I don't notice FSAA or aniso filtering compared to big chunky cheesy models used in games. I think some developers can't see the polygons for the pixels. :)
 
Uttar said:
Heathen said:
PS: Never seen a game where it looks worse, always better but sometimes by more than others.

I'm not talking games here, I'm talking angles :)
As I said, 6x AA is often slightly better, but sometimes it's slightly worse.

When is it even slightly worse? We've had discussion on sparse sample selection criteria here, and with what I recall, I don't see how it is possible for ATI's 6x to be said to be worse than the 4x sampling pattern. The coverage should atleast as good, and I also think ATI is even using more than one sample pattern that might make that more likely (depending on the criteria for selection) Rather, I know it has been clearly stated that it can use more than one, but I'm not sure if it does in general.

It is less symmetrical and less "pretty" than 4x, but I'm not aware of situations with inferior coverage.

Perhaps there is an issue with blending precision (I don't know the blending precision for the AA), but as it stands I'm not aware of a sample case of problems to warrant that conclusion. What specifically are you thinking of?

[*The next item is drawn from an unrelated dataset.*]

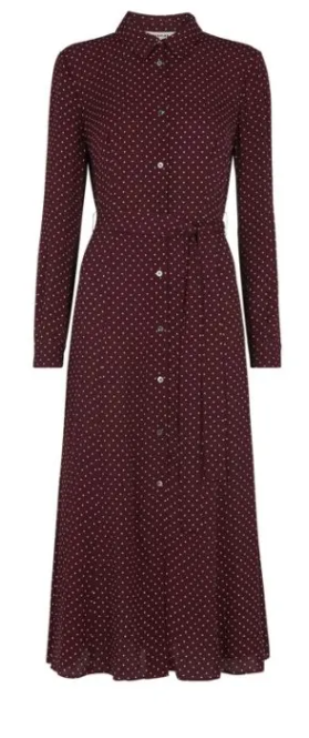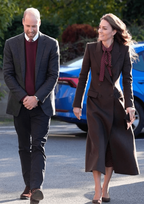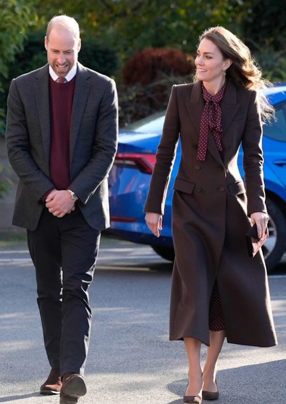 Côté tenue, j’aime beaucoup son long manteau mais moins l’association avec la robe bordeaux à pois. L’ensemble me parait terne, même si leur déplacement à Southport n’appellait pas de couleurs pimpantes.

Now, as for a lack of improvement over 4x, isn't that just because the 4x sample selection is just optimal quite often?

So, overall, it'll always look better ( unless a company would want to specifically make ATI look bad. Oh, that's not impossible, it already happened with nVidia :rolleyes: ) - but in some specific places of the screen, it might look worse.

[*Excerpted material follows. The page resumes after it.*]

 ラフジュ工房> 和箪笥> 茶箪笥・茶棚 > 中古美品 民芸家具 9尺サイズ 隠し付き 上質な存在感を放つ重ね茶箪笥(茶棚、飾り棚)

Is this speculation, or do you have a sample case in mind? Trying to come up with one, I'd say that for a case where 4x OG sampling would achieve ideal coverage, and there are 4 different colors, any pattern with a sampling count that isn't a multiple of 4 would be inferior for that one pixel (that would include 9x), but that seems an extremely unlikely corner case for edge AA (more of a concern for texture sampling than edge AA, it seems to me). However, for varying angles at edges, in games or not, I'm not seeing where you're expecting problems compared to 4x RG sampling.

This type of theory for "possible to be slightly worse" doesn't seem useful, because it is a complaint about sample count not sampling pattern.
What is a better 6x sampling pattern, assuming ATI is using just the one AA analysis programs show?

Not anything you'll see just fragging around, of course.


Uttar

Was there a discussion on problems with 6x AA that I missed? If so, just point me towards it and/or refresh my memory.
 
Is there any performance advantage to using certain sample patterns over others, such as order-grid rather than rotated grid? It doesn't seem to make sense that NVidia would keep on using OG for 4x, which looks only slightly better than 2x RG (most of the time), unless there was a clear benefit. If there's no performance benefit, is it simply easier to implement?
 
For the topic question:

I have a pretty strong recollection of some sort of indication that significant improvement to AF was being planned by ATI. My recollection of that info is associated with the presumed-to-be-former R400.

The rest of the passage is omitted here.